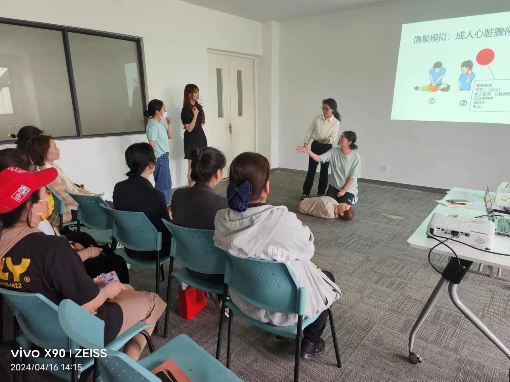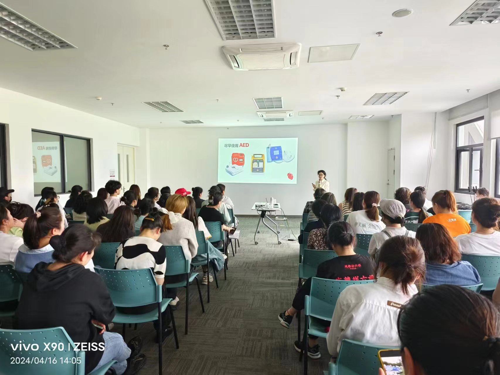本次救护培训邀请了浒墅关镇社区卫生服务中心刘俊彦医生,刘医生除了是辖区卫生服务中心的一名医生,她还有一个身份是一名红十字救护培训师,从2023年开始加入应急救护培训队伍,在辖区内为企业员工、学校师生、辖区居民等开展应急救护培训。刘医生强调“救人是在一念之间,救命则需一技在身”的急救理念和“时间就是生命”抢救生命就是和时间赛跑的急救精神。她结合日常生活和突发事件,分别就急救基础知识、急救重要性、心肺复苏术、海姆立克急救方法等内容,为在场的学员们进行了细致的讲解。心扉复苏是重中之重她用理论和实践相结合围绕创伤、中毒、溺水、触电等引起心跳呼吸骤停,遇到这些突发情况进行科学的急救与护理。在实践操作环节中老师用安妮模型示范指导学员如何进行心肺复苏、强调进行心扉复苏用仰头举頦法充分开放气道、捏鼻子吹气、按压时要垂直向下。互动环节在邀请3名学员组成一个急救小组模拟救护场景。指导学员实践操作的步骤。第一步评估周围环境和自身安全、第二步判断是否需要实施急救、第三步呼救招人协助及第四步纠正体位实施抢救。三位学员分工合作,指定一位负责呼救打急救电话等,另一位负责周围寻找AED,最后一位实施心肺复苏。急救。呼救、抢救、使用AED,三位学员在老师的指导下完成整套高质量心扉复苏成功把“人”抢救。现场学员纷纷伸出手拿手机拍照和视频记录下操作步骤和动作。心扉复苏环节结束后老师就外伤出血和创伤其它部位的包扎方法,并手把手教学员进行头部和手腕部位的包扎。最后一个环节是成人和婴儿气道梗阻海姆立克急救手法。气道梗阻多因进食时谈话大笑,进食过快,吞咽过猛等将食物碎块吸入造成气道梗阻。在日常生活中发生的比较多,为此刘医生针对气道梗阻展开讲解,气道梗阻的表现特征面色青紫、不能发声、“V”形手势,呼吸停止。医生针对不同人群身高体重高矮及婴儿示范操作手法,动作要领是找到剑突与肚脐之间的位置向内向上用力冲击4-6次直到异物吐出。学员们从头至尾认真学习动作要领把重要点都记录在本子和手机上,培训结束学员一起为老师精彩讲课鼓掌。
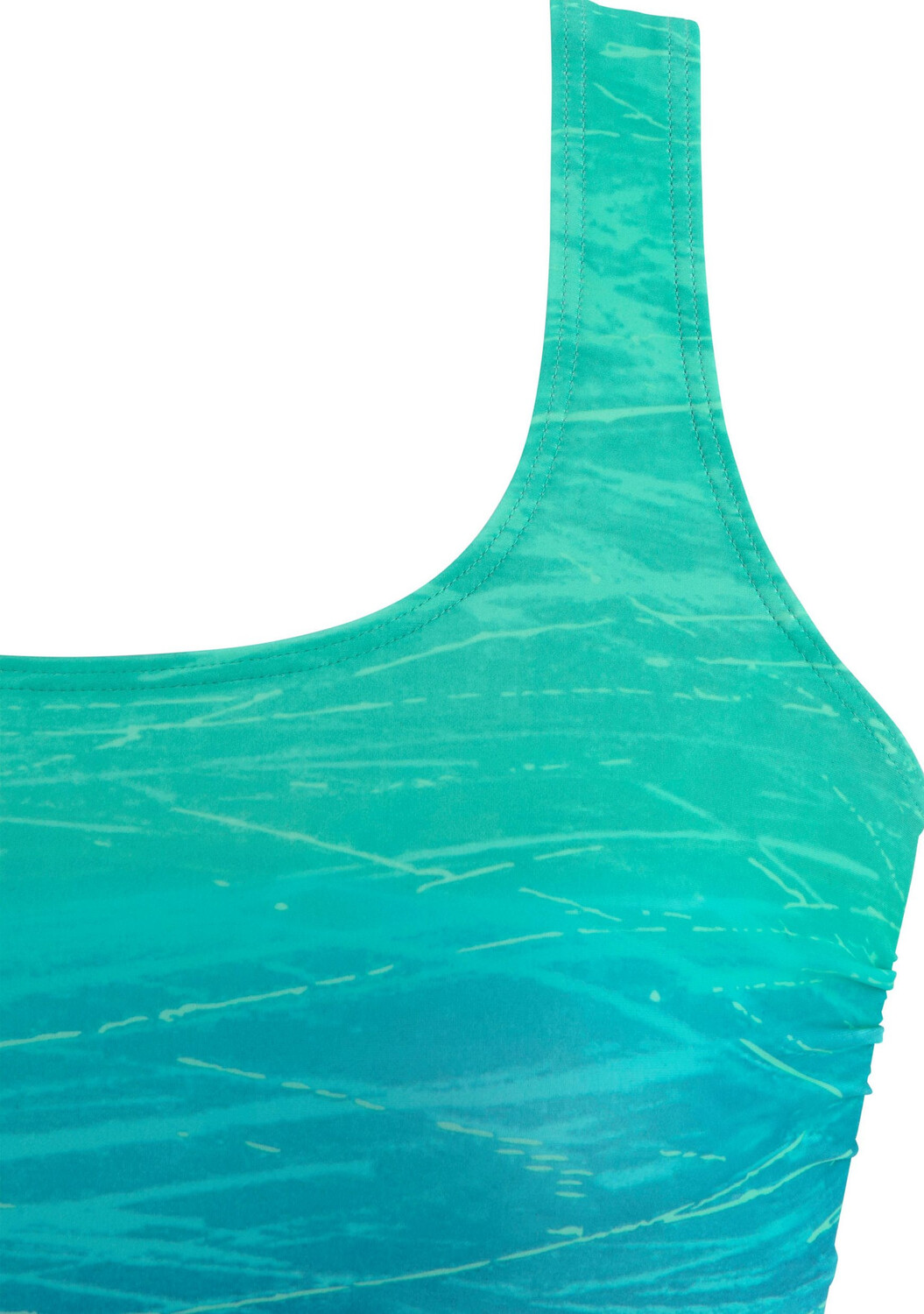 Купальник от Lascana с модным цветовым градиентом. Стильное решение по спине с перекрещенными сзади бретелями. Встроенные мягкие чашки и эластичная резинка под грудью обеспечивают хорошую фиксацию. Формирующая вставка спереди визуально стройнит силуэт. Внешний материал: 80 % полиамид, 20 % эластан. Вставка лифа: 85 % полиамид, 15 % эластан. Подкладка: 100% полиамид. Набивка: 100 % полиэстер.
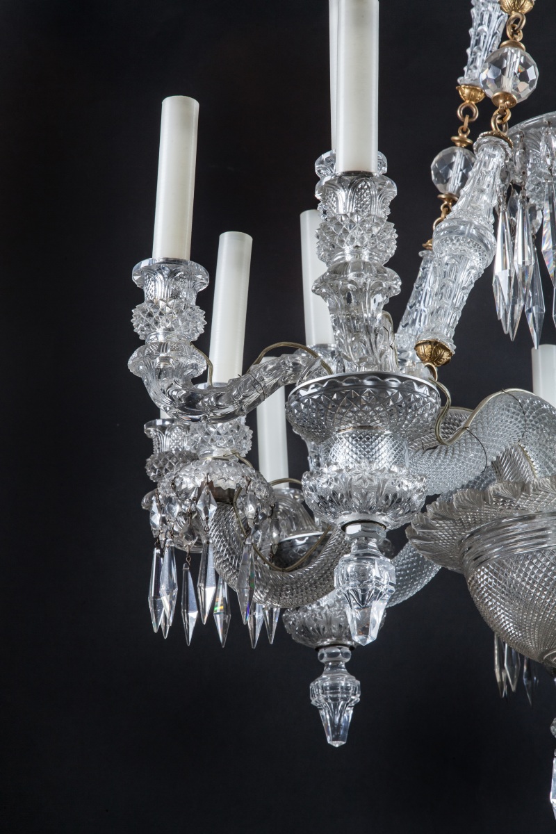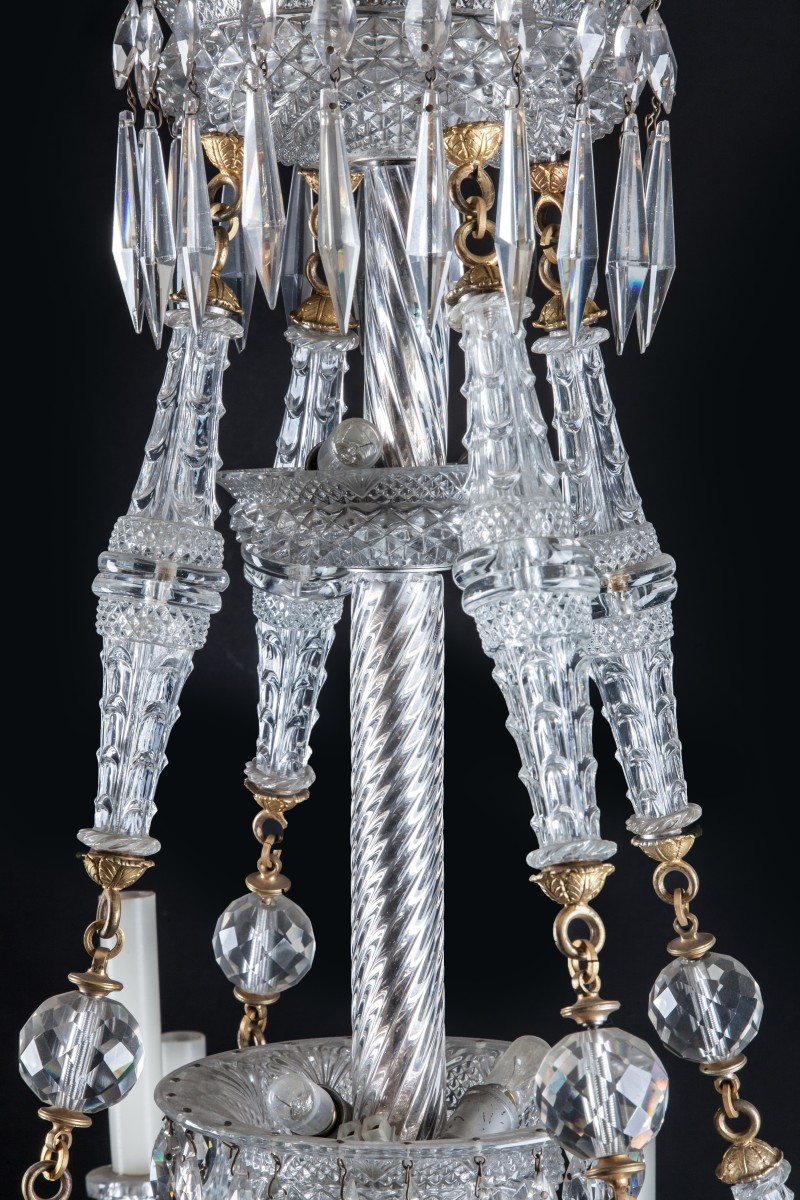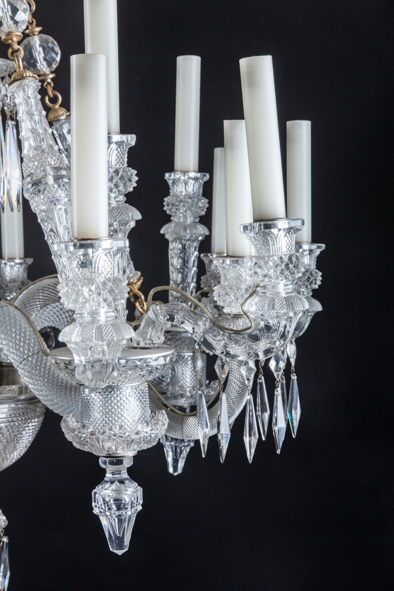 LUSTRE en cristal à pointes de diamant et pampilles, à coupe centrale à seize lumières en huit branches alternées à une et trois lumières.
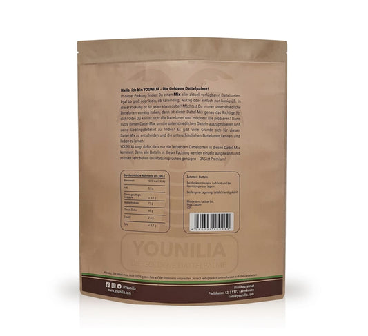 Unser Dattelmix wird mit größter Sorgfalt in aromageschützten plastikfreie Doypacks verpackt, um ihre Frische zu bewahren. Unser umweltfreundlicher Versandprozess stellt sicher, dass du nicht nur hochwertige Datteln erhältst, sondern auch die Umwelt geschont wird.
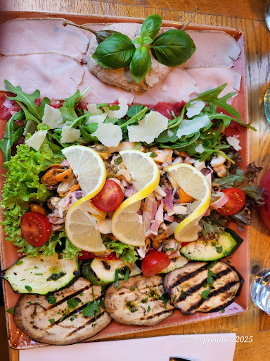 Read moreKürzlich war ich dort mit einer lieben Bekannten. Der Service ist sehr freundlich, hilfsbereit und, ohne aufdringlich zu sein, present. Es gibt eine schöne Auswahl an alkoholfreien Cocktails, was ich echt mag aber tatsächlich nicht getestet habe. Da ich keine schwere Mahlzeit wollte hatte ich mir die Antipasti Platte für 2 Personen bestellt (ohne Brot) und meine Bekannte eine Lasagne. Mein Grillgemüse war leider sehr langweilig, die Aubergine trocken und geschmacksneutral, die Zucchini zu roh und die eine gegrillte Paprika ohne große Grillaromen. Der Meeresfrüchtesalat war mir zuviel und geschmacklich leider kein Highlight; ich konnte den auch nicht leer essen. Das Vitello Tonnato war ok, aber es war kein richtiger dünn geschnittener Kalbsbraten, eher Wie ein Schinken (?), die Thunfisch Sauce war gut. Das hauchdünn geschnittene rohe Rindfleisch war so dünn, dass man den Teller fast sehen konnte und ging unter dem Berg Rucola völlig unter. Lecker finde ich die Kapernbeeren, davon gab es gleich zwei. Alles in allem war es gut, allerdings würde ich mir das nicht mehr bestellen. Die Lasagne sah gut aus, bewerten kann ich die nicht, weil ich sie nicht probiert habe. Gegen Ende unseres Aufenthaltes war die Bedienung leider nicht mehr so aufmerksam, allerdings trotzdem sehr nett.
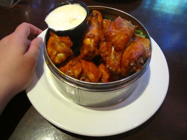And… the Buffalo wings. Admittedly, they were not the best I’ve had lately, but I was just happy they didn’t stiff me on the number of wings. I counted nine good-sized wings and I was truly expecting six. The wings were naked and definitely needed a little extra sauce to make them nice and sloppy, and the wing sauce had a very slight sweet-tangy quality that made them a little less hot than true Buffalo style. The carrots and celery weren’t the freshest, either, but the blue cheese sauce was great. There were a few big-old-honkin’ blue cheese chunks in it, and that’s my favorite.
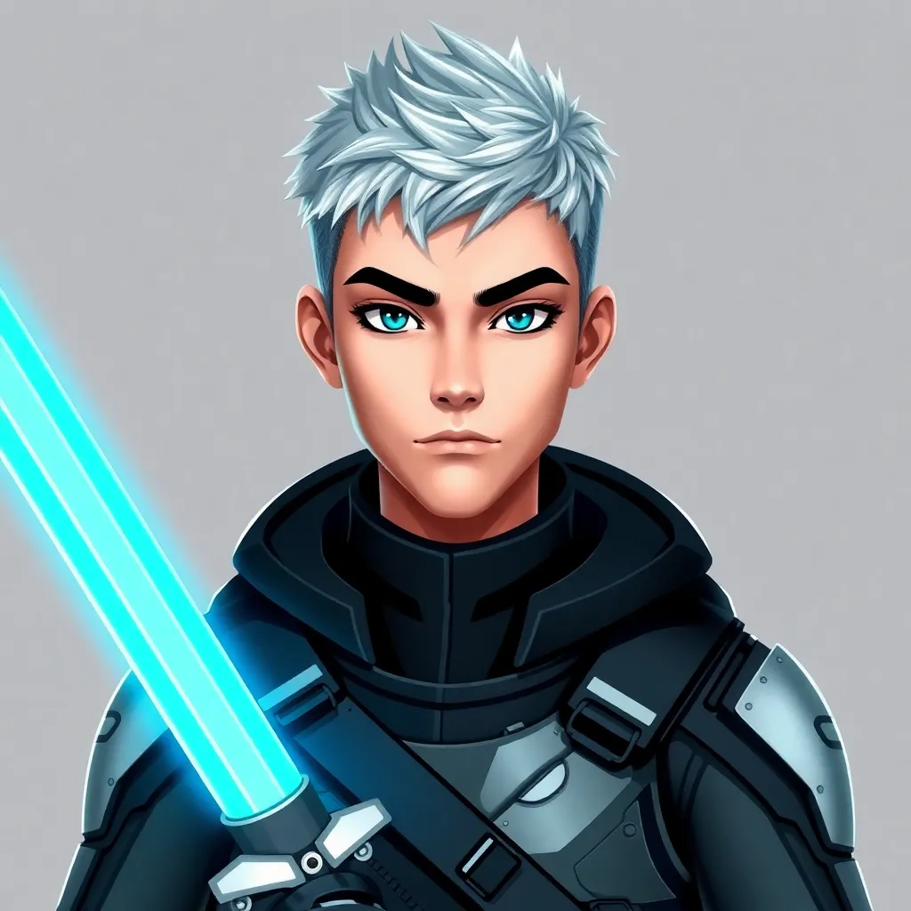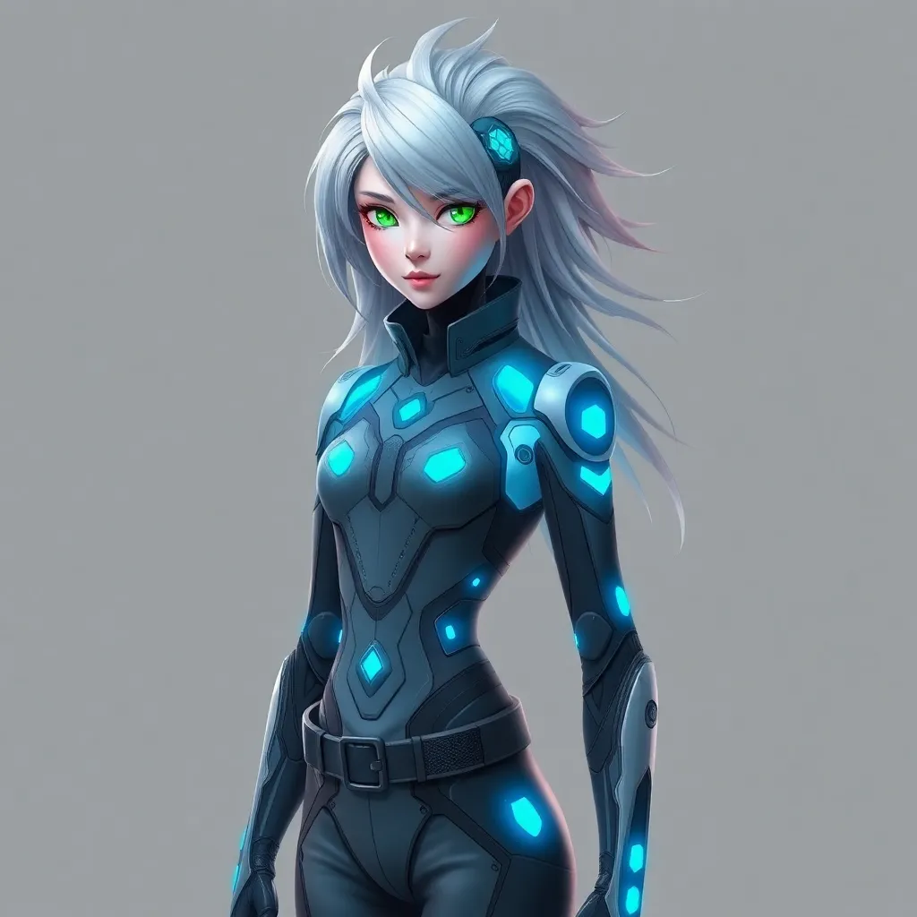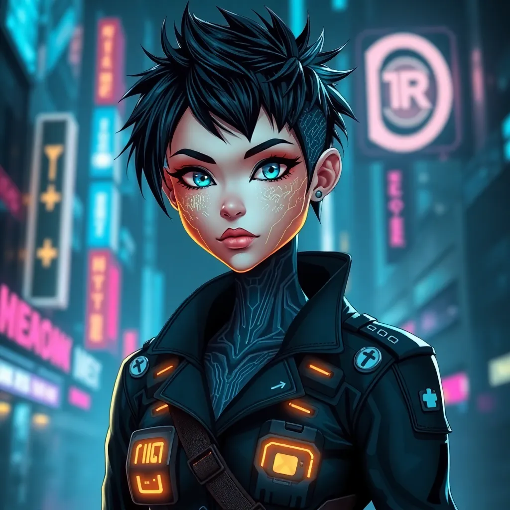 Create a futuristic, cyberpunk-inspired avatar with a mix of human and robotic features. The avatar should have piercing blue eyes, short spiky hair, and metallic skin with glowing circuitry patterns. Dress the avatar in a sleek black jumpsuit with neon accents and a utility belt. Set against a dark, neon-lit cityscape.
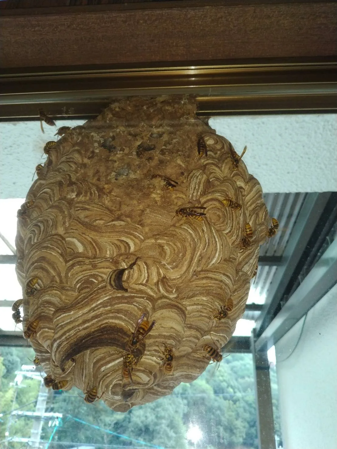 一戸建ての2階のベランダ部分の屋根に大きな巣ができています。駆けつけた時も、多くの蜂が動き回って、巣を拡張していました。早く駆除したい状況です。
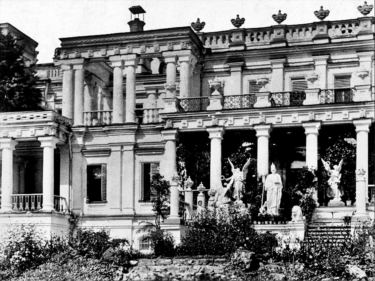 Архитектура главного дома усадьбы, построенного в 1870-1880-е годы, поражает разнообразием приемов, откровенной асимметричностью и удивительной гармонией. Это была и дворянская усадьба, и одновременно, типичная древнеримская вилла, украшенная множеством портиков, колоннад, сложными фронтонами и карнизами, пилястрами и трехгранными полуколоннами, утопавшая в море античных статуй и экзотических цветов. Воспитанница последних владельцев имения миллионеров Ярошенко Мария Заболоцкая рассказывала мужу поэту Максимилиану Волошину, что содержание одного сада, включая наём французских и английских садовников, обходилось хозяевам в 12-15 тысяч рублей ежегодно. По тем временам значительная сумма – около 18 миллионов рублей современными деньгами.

(WHAT YOU WILL DO)
Give again, please, precisely the lines that begin the records and run through the line with "LUSTRE en cristal" in it, keeping both end lines and dropping any pictures.

(ANSWER SECTION)
本次救护培训邀请了浒墅关镇社区卫生服务中心刘俊彦医生,刘医生除了是辖区卫生服务中心的一名医生,她还有一个身份是一名红十字救护培训师,从2023年开始加入应急救护培训队伍,在辖区内为企业员工、学校师生、辖区居民等开展应急救护培训。刘医生强调“救人是在一念之间,救命则需一技在身”的急救理念和“时间就是生命”抢救生命就是和时间赛跑的急救精神。她结合日常生活和突发事件,分别就急救基础知识、急救重要性、心肺复苏术、海姆立克急救方法等内容,为在场的学员们进行了细致的讲解。心扉复苏是重中之重她用理论和实践相结合围绕创伤、中毒、溺水、触电等引起心跳呼吸骤停,遇到这些突发情况进行科学的急救与护理。在实践操作环节中老师用安妮模型示范指导学员如何进行心肺复苏、强调进行心扉复苏用仰头举頦法充分开放气道、捏鼻子吹气、按压时要垂直向下。互动环节在邀请3名学员组成一个急救小组模拟救护场景。指导学员实践操作的步骤。第一步评估周围环境和自身安全、第二步判断是否需要实施急救、第三步呼救招人协助及第四步纠正体位实施抢救。三位学员分工合作,指定一位负责呼救打急救电话等,另一位负责周围寻找AED,最后一位实施心肺复苏。急救。呼救、抢救、使用AED,三位学员在老师的指导下完成整套高质量心扉复苏成功把“人”抢救。现场学员纷纷伸出手拿手机拍照和视频记录下操作步骤和动作。心扉复苏环节结束后老师就外伤出血和创伤其它部位的包扎方法,并手把手教学员进行头部和手腕部位的包扎。最后一个环节是成人和婴儿气道梗阻海姆立克急救手法。气道梗阻多因进食时谈话大笑,进食过快,吞咽过猛等将食物碎块吸入造成气道梗阻。在日常生活中发生的比较多,为此刘医生针对气道梗阻展开讲解,气道梗阻的表现特征面色青紫、不能发声、“V”形手势,呼吸停止。医生针对不同人群身高体重高矮及婴儿示范操作手法,动作要领是找到剑突与肚脐之间的位置向内向上用力冲击4-6次直到异物吐出。学员们从头至尾认真学习动作要领把重要点都记录在本子和手机上,培训结束学员一起为老师精彩讲课鼓掌。
 Купальник от Lascana с модным цветовым градиентом. Стильное решение по спине с перекрещенными сзади бретелями. Встроенные мягкие чашки и эластичная резинка под грудью обеспечивают хорошую фиксацию. Формирующая вставка спереди визуально стройнит силуэт. Внешний материал: 80 % полиамид, 20 % эластан. Вставка лифа: 85 % полиамид, 15 % эластан. Подкладка: 100% полиамид. Набивка: 100 % полиэстер.
 LUSTRE en cristal à pointes de diamant et pampilles, à coupe centrale à seize lumières en huit branches alternées à une et trois lumières.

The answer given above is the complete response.